53 Il y a lieu de rappeler, à titre liminaire, qu’il ressort, notamment, de l’article 10, paragraphe 6, et des articles 51 à 53 du règlement 2017/745 qu’il incombe non pas au distributeur mais au fabricant de déterminer la classe de son dispositif afin de connaître les exigences applicables. Aux termes de l’article 51, paragraphe 1, de ce règlement, « [l]es dispositifs sont répartis en classe I, classe IIa, classe IIb et classe III en fonction de la destination des dispositifs et des risques qui leur sont inhérents » et « [l]a classification est effectuée conformément à l’annexe VIII [de celui-ci] ». L’identification de la classe du dispositif concerné permet au fabricant de déterminer, conformément à l’article 52 dudit règlement, la procédure d’évaluation de la conformité qui doit être appliquée, c’est-à-dire la voie à suivre afin de répondre aux exigences applicables et de pouvoir ainsi démontrer la conformité de ce dispositif avec le même règlement.
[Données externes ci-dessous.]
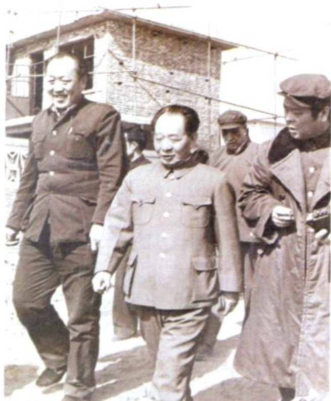
1984年3月12日，胡耀邦视察踩河新村。
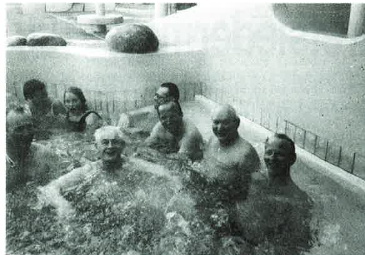
Smilende nordmenn nedsenket i vann fra Islands varme kilder.

ter både recurv og compound i samme klasse under visse forutsetninger. Målet er å få de samme to klassene innen handicapskyting som innen FITA med de fordeler dette innebærer for alle.
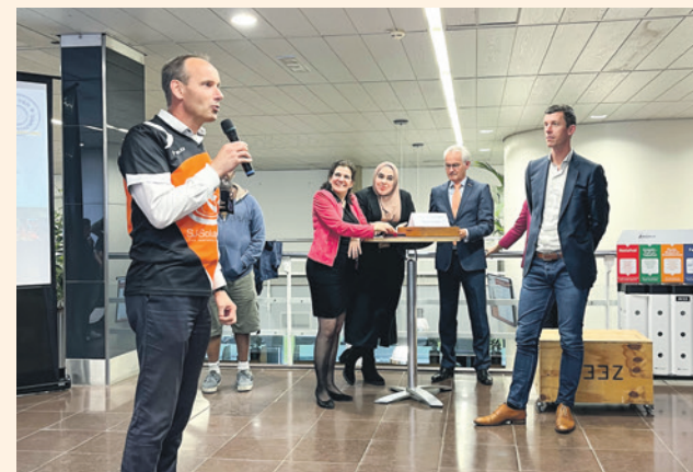
Een lid van volleybalvereniging Switch Hooglanderveen.

Wilt u ook uw idee, plannen of ambities voor de stad delen met de raadsleden? De volgende raadsinformatiemarkt - en de laatste voor de zomervakantie - is op 9 juli. U kunt zich aanmelden op telefoonnummer 033 469 4379 (raadsgriffie) of via e-mail: gemeenteraad@amersfoort.nl . Op amersfoort.nl/gemeenteraad vindt u meer informatie.

54 Dans ce contexte, il importe de souligner que certains dispositifs de classe I peuvent être certifiés par le fabricant lui-même, tandis que, conformément aux articles 52 et 53 du règlement 2017/745, les autres classes de dispositifs nécessitent l’intervention d’un organisme notifié, dont la mission est d’évaluer la conformité des dispositifs médicaux préalablement à toute mise à disposition sur le marché et de s’assurer du maintien du respect des exigences tout au long de leur mise à disposition. Lorsque l’organisme notifié est impliqué dans la certification de la classe de risque d’un dispositif, le marquage CE est, en vertu de l’article 20, paragraphe 5, de ce règlement, suivi du numéro d’identification de l’organisme notifié responsable des procédures d’évaluation de la conformité prévues à l’article 52 dudit règlement. En outre, ce numéro d’identification est indiqué dans tous les documents publicitaires mentionnant qu’un dispositif est conforme aux exigences applicables au marquage CE.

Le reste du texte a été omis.